As the girls entered adolescence, disagreements were inevitable. On one occasion, the eldest daughter was scolded for a mistake and, upset, ran to her late mother’s altar to cry. Deeply hurt, Hang mounted her bicycle and headed back to her parents’ house. But when she looked back and saw her husband chasing after her with their young child, she turned around and returned home.
Instead of asserting authority, she chose to become a friend to the girls. She even encouraged them to seek advice from their grandmother and aunts if they felt her guidance was unfair.
At home, she made sure gifts and new clothes were distributed equally among all five daughters. Her fairness gradually erased any sense of division. The girls slowly came to regard her as their own mother.
“Sometimes I would cycle to my parents’ house after an argument, and when I came back, the children would already be waiting for me at the gate,” she says.
As they grew older, the daughters began confiding in her about their relationships and personal lives. The youngest daughter, Giang, told her she did not learn that Hang was not her biological mother until she was seven years old.
She recalls now: “When I was little, I was stubborn. Whenever I got upset, I would say I wanted a different mother. She [Hang] would just smile and comfort me.”

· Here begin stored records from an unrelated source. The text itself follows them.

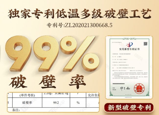 原料再好,也得有工艺将其精华完整释放。每一粒采收下来的孢子,首先要经过一道独家专利去瘪工艺(专利号:ZL202222111780.X)。这道工序像一场严苛的筛选,通过物理方式将空瘪、不饱满的孢子剔除,只留下颗粒饱满、油润度高的精华部队。这一步看似简单,却直接决定了最终产品的纯度与口感。
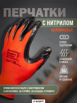 Рабочие перчатки строительные нейлоновые с нитрилом
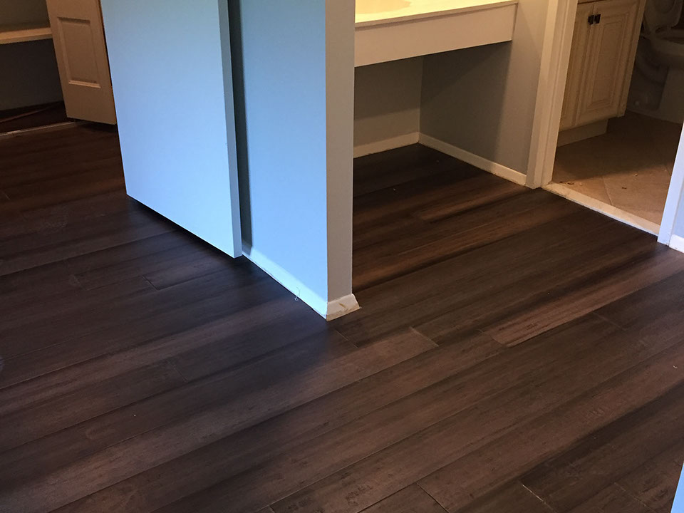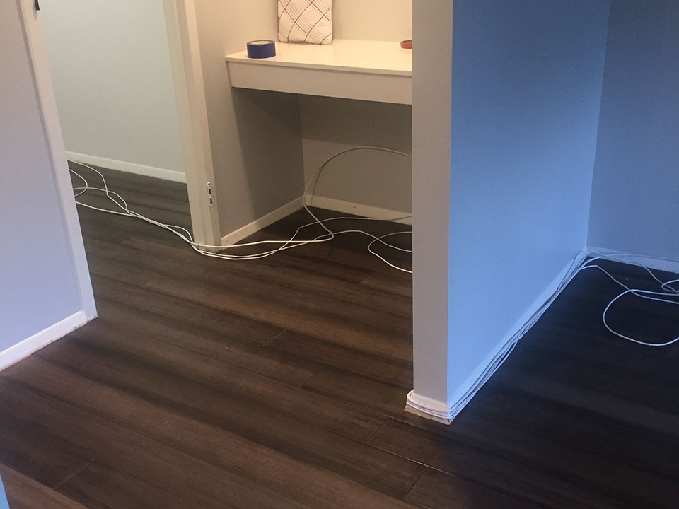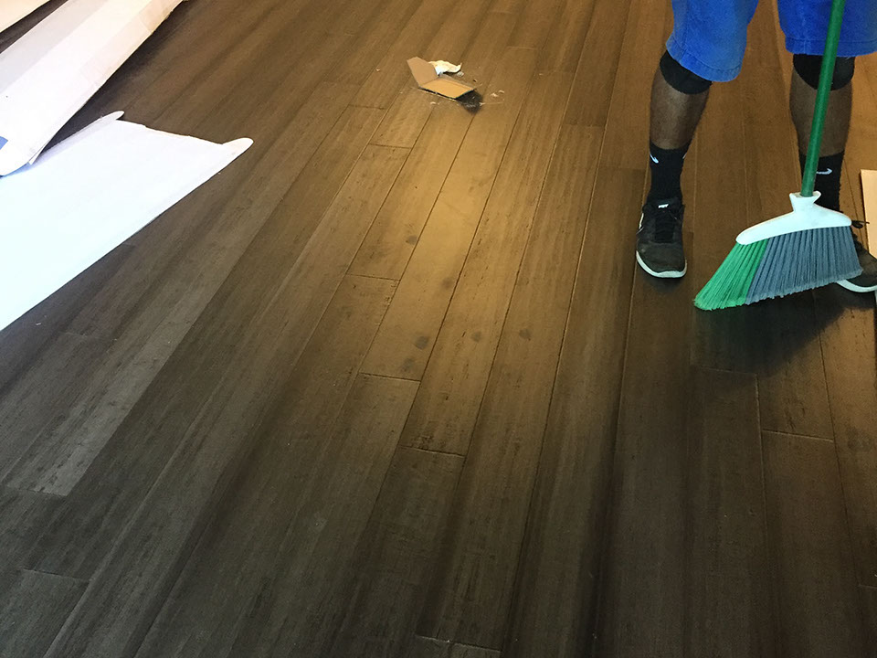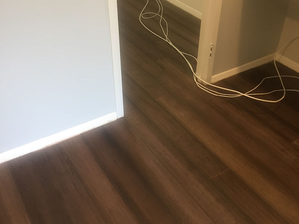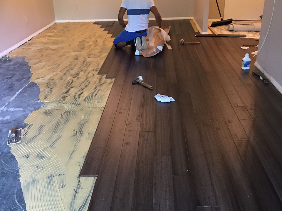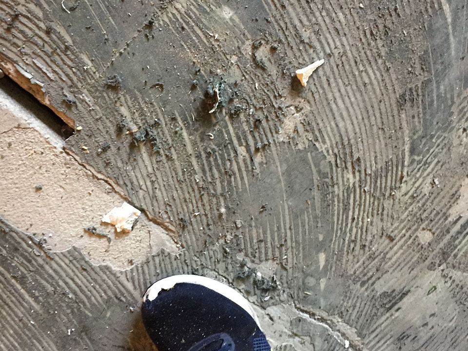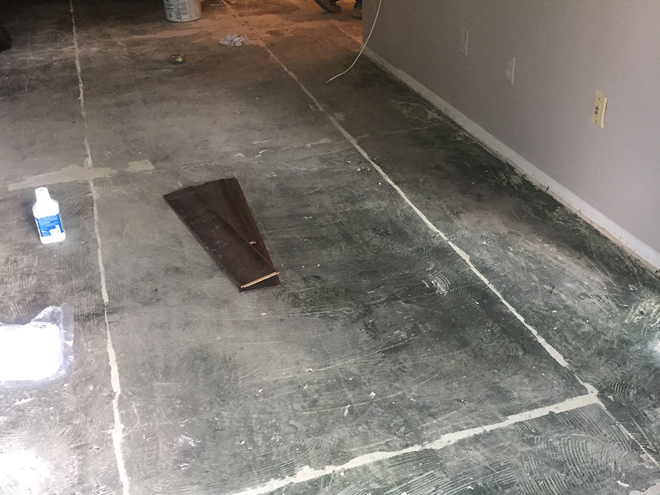 What you are looking at is the process of gluing down the Engineered wood after leveling the damaged concrete.

For each of their four daughters’ weddings, Hang and Bieu carefully prepared the dowry and wedding gifts. Everytime, the stepmother would be the first to cry out of sheer love for the daughters she had raised.
Today, Hang is a grandmother nine times over. Whenever one of her daughters gives birth, she brings her home and cares for both mother and baby for the first month.
For Hang, the greatest joy of her later years is seeing all four daughters build stable careers and happy families.
Bieu often tells his children to cherish the woman who stood by him through the most difficult years of his life. In fact, his daughters are now even closer to their mother than to him. Before visiting their parents, they often call first to ask: “Mom, are you home today? Can I come by?”
Ten years ago, the youngest daughter, Giang, married a man who had previously been married and was raising a child from that relationship. When entering family life as a stepmother, she had said she drew inspiration from the way Hang had raised her and her sisters. “She gave me a mother, and she gave me the strength to become one.”